The U.S. official said Cardinal Sodano told Rice he appreciated President George W. Bush’s strong spiritual and moral approach to his leadership; Rice said she appreciated the Holy See’s longstanding efforts promoting interreligious dialogue and the fight against H.I.V./AIDS. But she urged the Vatican to be more open to and embrace the idea of using genetically modified foods in alleviating hunger and famine in the world, the official told CNS.Vatican Restricts Teaching by U.S. Jesuit Theologian
After a five-year investigation, the Vatican’s doctrinal congregation said it had found serious doctrinal errors in the work of Roger Haight, S.J., an American, and forbade him to teach as a Catholic theologian. The Vatican’s critique focused on Father Haight’s book, Jesus Symbol of God (1999), which explored the themes of Christ’s divinity, the resurrection, the Trinity and salvation for non-Christians.
Father Haight said, I’m not going to comment at all on the Vatican document.
The notification said Father Haight’s assertion that Catholic theology must be in dialogue with the modern world leads him to downplay or deny central teachings of the church, including that the Word of God was made flesh in Jesus Christ, that Jesus was divine and that salvation is offered to all humanity through Jesus.
Father Haight recently resigned as a professor of theology at Weston Jesuit School of Theology in Cambridge, Mass. He had been barred from teaching there since 2000, pending the outcome of the Vatican’s investigation.
In 2000, Jesus Symbol of God, published by Orbis Books, won an award from the Catholic Press Association as the year’s best book on theology. It was a selection of the Catholic Book Club, operated by America Press.
In the book, Father Haight says the religious pluralism of the world is a given, and theologically, from a Christian standpoint, this pluralism should be interpreted positively. The normative revelation of Jesus posits that God’s grace is operative in other religions. He argues that affirming the validity of other religions does not undermine the normativity of Jesus Christ. And affirming the normativity of Jesus Christ, not simply for Christians but for all human beings, does not undermine the validity and truth contained in other religions.News Briefs
In response to a question from Catholic News Service in early February, Cardinal Francis Arinze, head of the Congregation for Divine Worship and the Sacraments, said that Rainbow Sash wearers disqualify themselves from receiving Holy Communion because they are demonstrating their opposition to church teaching on homosexuality.

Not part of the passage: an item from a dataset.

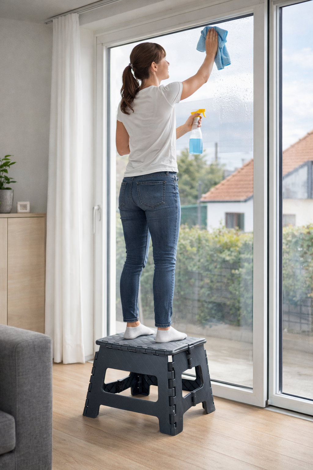 Dankzij het inklapbare ontwerp is de opstapkruk eenvoudig op te bergen wanneer hij niet wordt gebruikt. In ingeklapte toestand neemt hij nauwelijks ruimte in en past hij moeiteloos in een kast, lade of achter de deur. Met een gewicht van slechts ca. 1,2 kg is de kruk lichtgewicht en gemakkelijk te verplaatsen of mee te nemen.
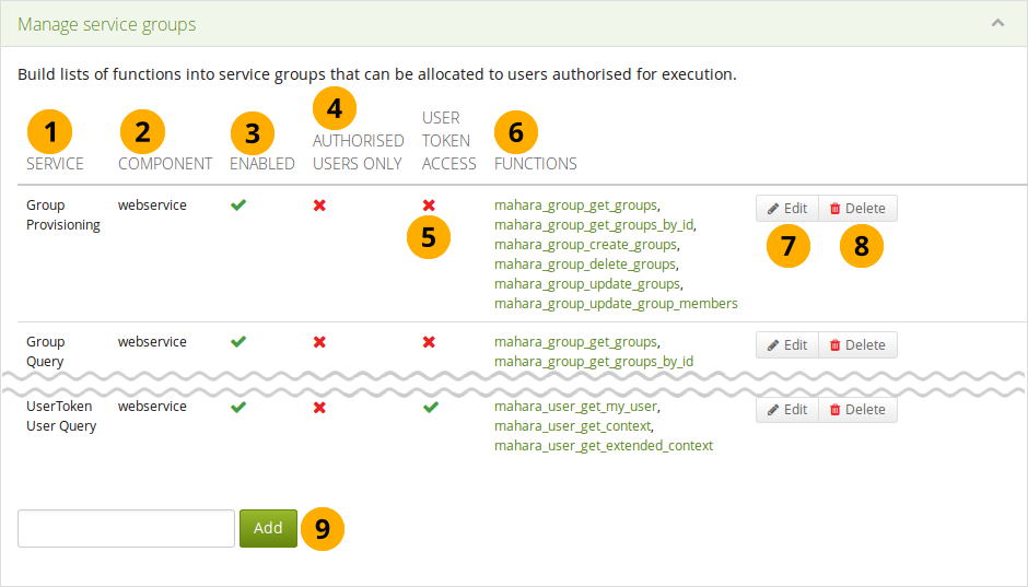 Service groups are the units of allocation of access to an account (authentication) or user tokens. They are a collection of functions. Mahara already comes with a series of service groups and functions that you can configure. More service groups can be added.

A Lithuanian-born Polish cardinal acknowledged he was five years older than indicated in Vatican records and thus will not be eligible to vote in a conclave to elect the next pope. Cardinal Henryk Gulbinowicz, retired archbishop of Wroclaw, Poland, said his identification papers were changed in 1942 to save him from deportation as a forced laborer to Nazi Germany. There are currently 119 cardinals who are under 80 years of age and therefore eligible to vote in a conclave.
A Massachusetts jury found the laicized priest Paul R. Shanley guilty on four counts of child sex abuse, including rape.